A lot of past job candidates, including me, note how the Reaktor interview is different from many other places because conversation is at the heart of it. But this isn’t a chat over a beer or coffee with your friend. The context gives it very specific goals and limitations. The goal is to understand whether we want to hire, and the key limitation for both us and the candidate is time. In other words, an interview is a time-limited, goal-oriented conversation. And one could say that the limitations create demand for being very effective in this conversation. The effectiveness in interviews is mostly based on specific find-out-more-relevant-information-in-less-time techniques, and they’re something you’ll probably notice when you interview at Reaktor.
Ask the right questions
There are a lot of ways to ask things. Here are a few different types of questions:
Closed (e.g. Do you know how to run a retrospective?)
Open (e.g. What do you think about retros?)
Hypothetical (e.g. Which style of retro would best relieve a situation where the team lacks a common goal?)
Leading (e.g. What kind of action would you take if two team members have a lingering conflict?)
Non-differentiating (e.g. What’s the last book that you read?)
Differentiating behavioral (e.g. Could you tell me about a time when you noticed that the team’s vibe was bad?)
The way an interviewer asks questions makes a huge difference, not only in what the answers are, but also how valuable they are. It affects whether confidence is built in the candidate and if it differentiates the candidate from others. There’s also a cringe factor that needs to be accounted for, as well as learnings per interview minute. (At Reaktor, we don’t view ourselves as corporate, but we do have to keep things like this in mind.)
First we listen. Then we talk.
Any good relationship expert will tell you this is the key to effective communication, and it’s the same with interviews. First, it helps pace the discussion. But perhaps more important, it also manages an interviewer’s influence on the answers. For example, I could first talk about what we usually do at Reaktor, and then ask, “What do you want to do?” Typically, I would get at least a slight regurgitation of what I had just said. And it doesn’t always have to be intentional on the part of the applicant. It could simply be subconscious mirroring. A better method would be for me to first ask, “What do you want to do?” and then only afterwards talk about what we usually do at Reaktor.
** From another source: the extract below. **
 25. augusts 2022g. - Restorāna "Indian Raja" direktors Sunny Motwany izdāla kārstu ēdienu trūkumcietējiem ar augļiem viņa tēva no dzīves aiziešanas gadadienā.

This allows the candidate to truly express themselves.
“So what you’re saying is…”
Summarising is another very powerful technique for making sure that participants have a similar interpretation of what was said. Mutual understanding is especially useful in interviews where, based on the discussion, we might communicate feedback to the candidate while stopping the interview process. Disappointing outcomes are much easier to accept if the conversation was clearly laid out beforehand.
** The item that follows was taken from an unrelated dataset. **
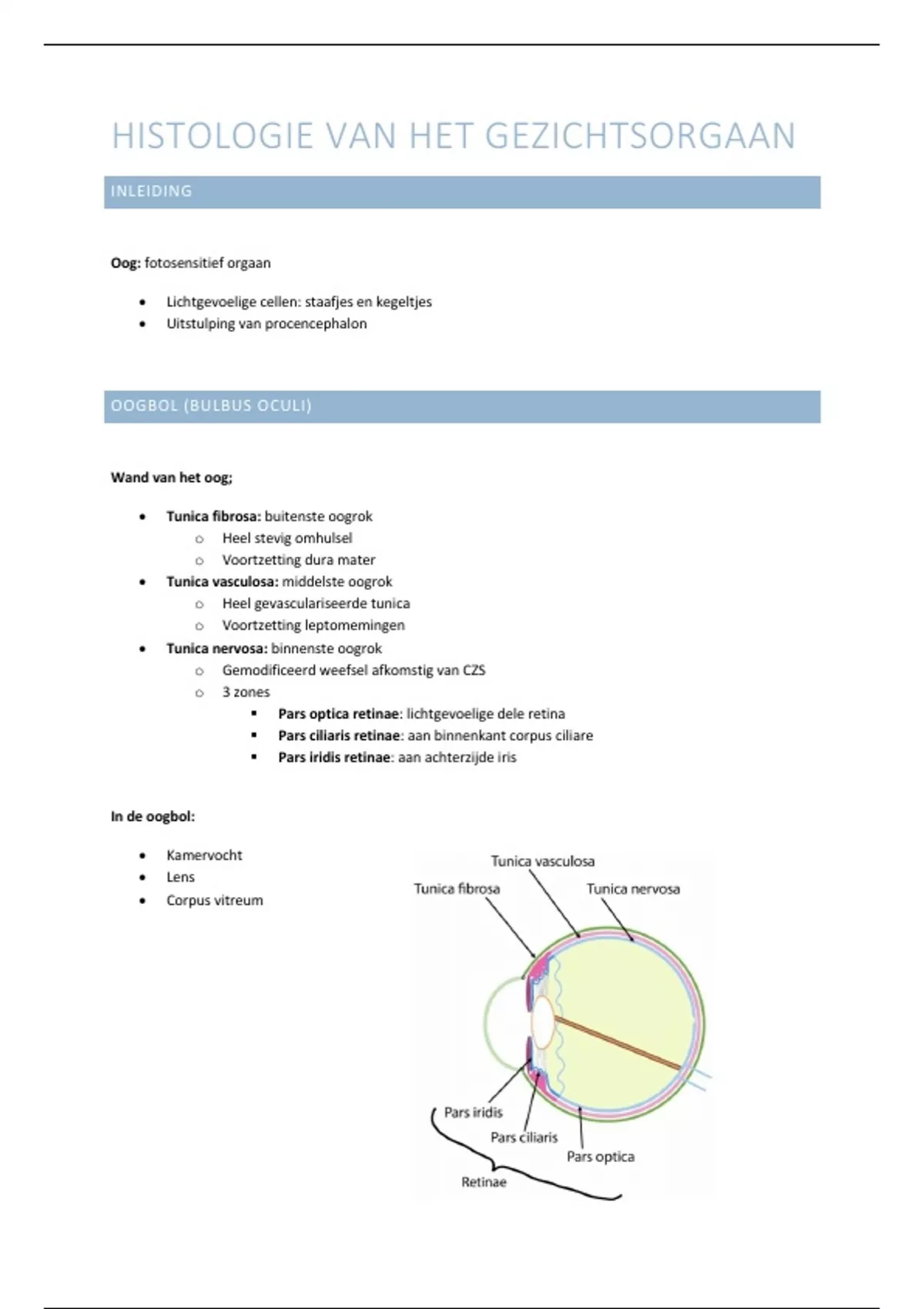 samenvatting - Histologie van het gezichtsorgaan

This mutual understanding can be furthered by an interviewer communicating expectations in relation to their impression of the candidate. (e.g., “My impression is X, does this sound correct? At Reaktor people are often X and in addition Y.”) Talking about impressions is useful since it anchors the outcome to the discussion instead of the factually correct and perfectly documented skills of the candidate (we don’t have time for building this perfect understanding). This combined with questions such as, “Is there anything important you would like to add, or is there something that we forgot to ask?” is very effective and important for the candidate experience as well, so they have an opportunity to influence the situation.
Nothing beats preparation
I think this is the most effective technique. In practice it means having a plan and a discussion template which keeps things on track, makes the process repeatable, sustainable and yields consistent results. Getting prepared is best done by thinking about the goals and limitations of the upcoming conversation (or coming up with goals).